This weekend between Ray Wang’s problems with United Airlines and Dennis Howlett’s irritations with British Airways on his way back from Australia, a set of Twitter and other conversations ensued which drew comparisons to Singapore Air, Emirates Air and other well-run international carriers. And it hit me how regulators everywhere still protect airlines from foreign competition. There are complex “third country operators” rules around the world and terminology like fifth and eighth freedom rights.
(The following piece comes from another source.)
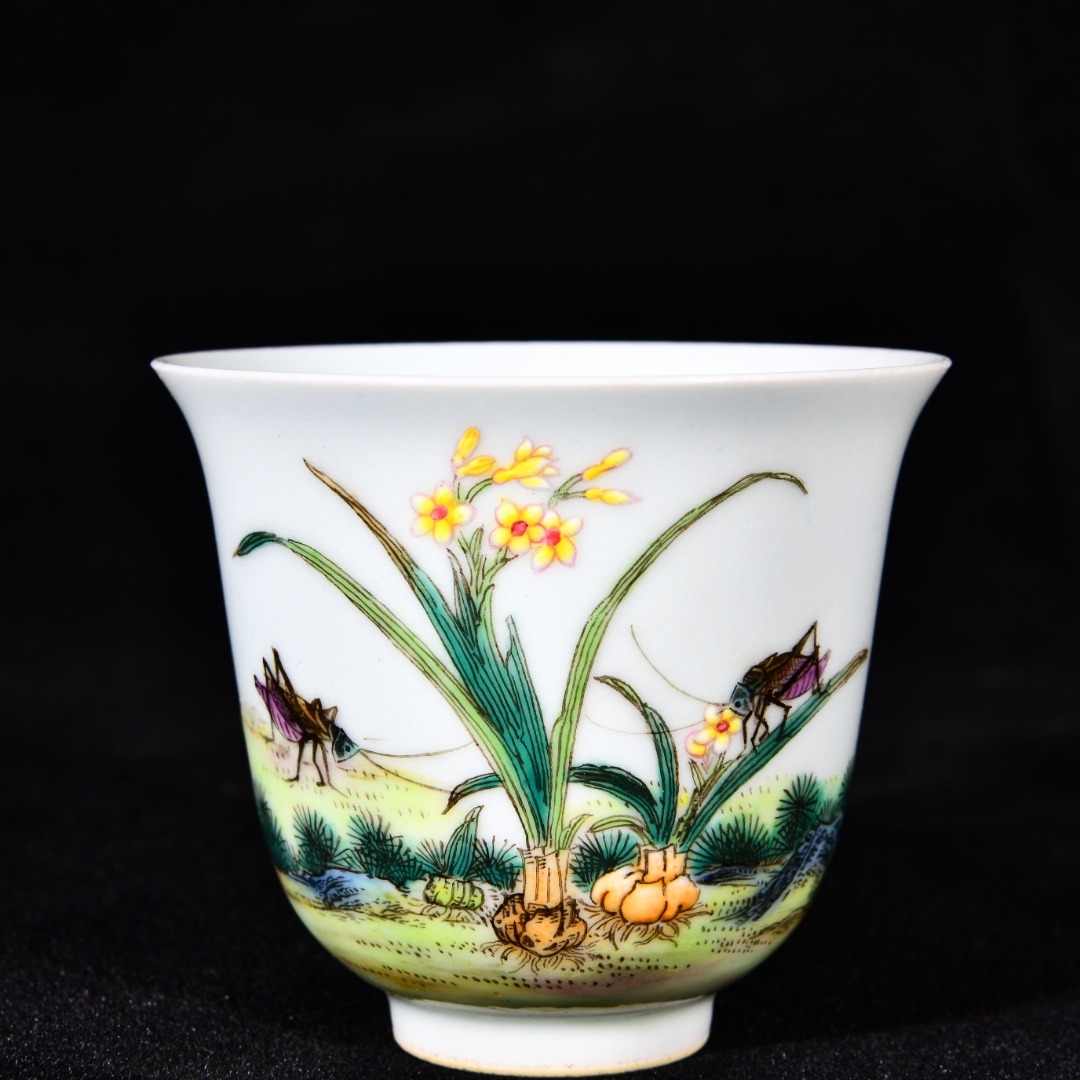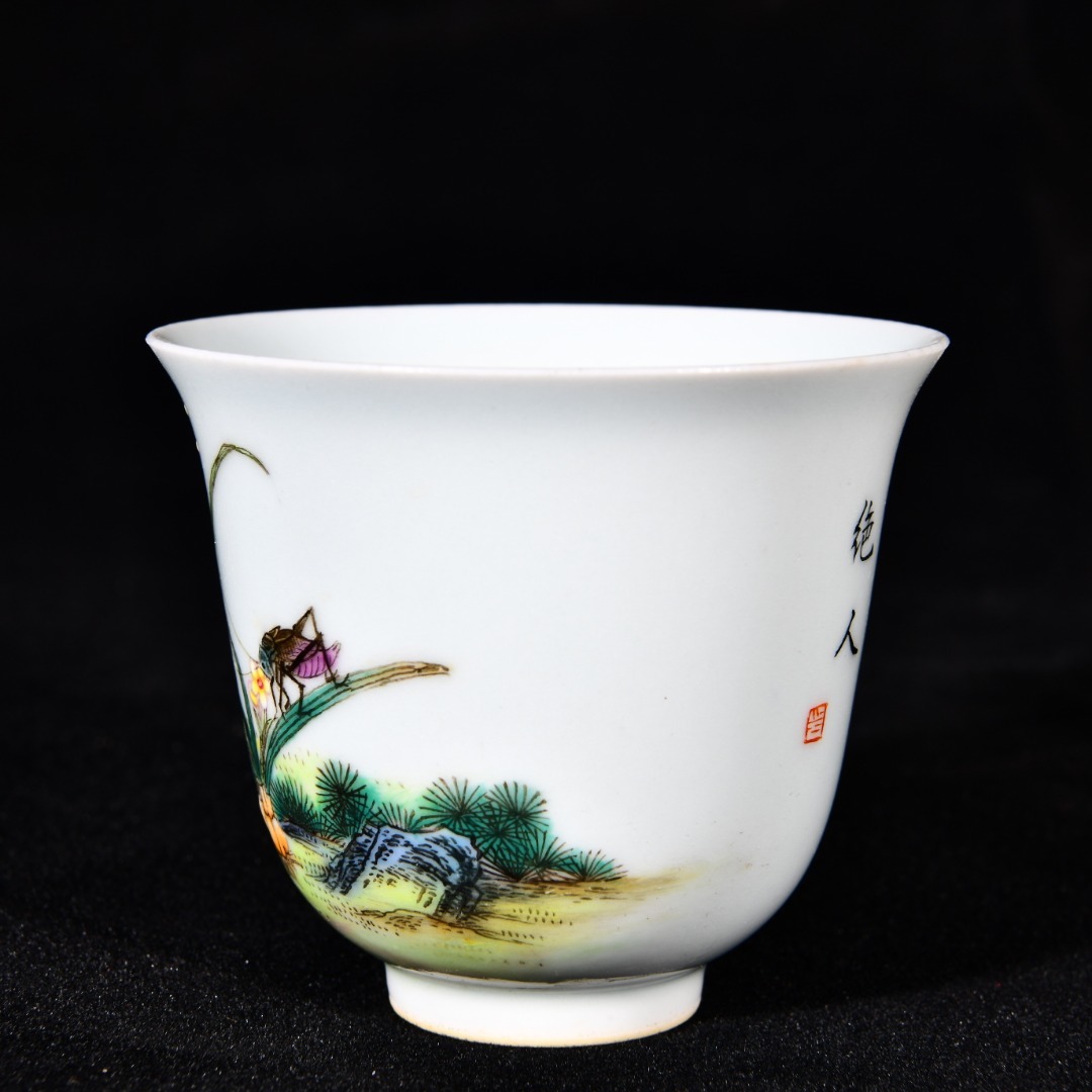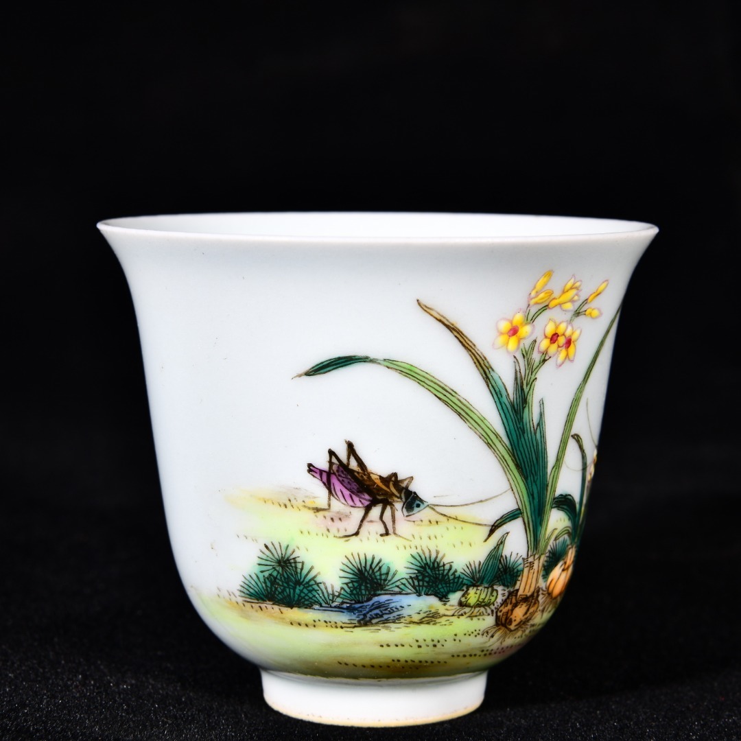 ◆旧家蔵出◆古美術 中国古玩 大清雍正年製款 粉彩  花草虫紋茶杯  置物 古賞物 擺件 骨董 時代物 A38
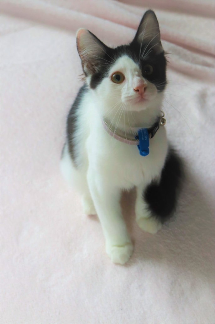 I’m super social and get along great with other cats and children. I greet people at the door and love quiet parties, like movie nights on the couch. Watch out though, I’m a certified chip thief! I haven’t met many dogs yet but I’d probably get along really well with smaller cat-friendly dogs!

If that is protected, look at healthcare. Recently Fareed Zakaria on his CNN show and his Time column showcased universal healthcare in places like Switzerland and Taiwan. Most friends I have talked to refuse to acknowledge the US healthcare system is even broken. And if the Supreme Court strikes down key provisions of Obamacare, the conversation about health care reform will be muted – again – for several years even in the face of growing global benchmarks.
In other industries, business executives will use the “our country is so different” excuse. Talk to any telecom executive about bandwidth and cost in Japan or S. Korea, and they will brush it off as “the US is so much larger in area”. Yes, but our cities are not, so why not compare major cities?
Banking, Education – I could go on about how much all our global horizons have expanded in the last few years.
It’s almost like two universes. The flat world in which global benchmarks are increasingly available to consumers and citizens, and the rocky world where politicians, unions, and executives hide in their caves and try to keep convincing us to accept what we are being dished out.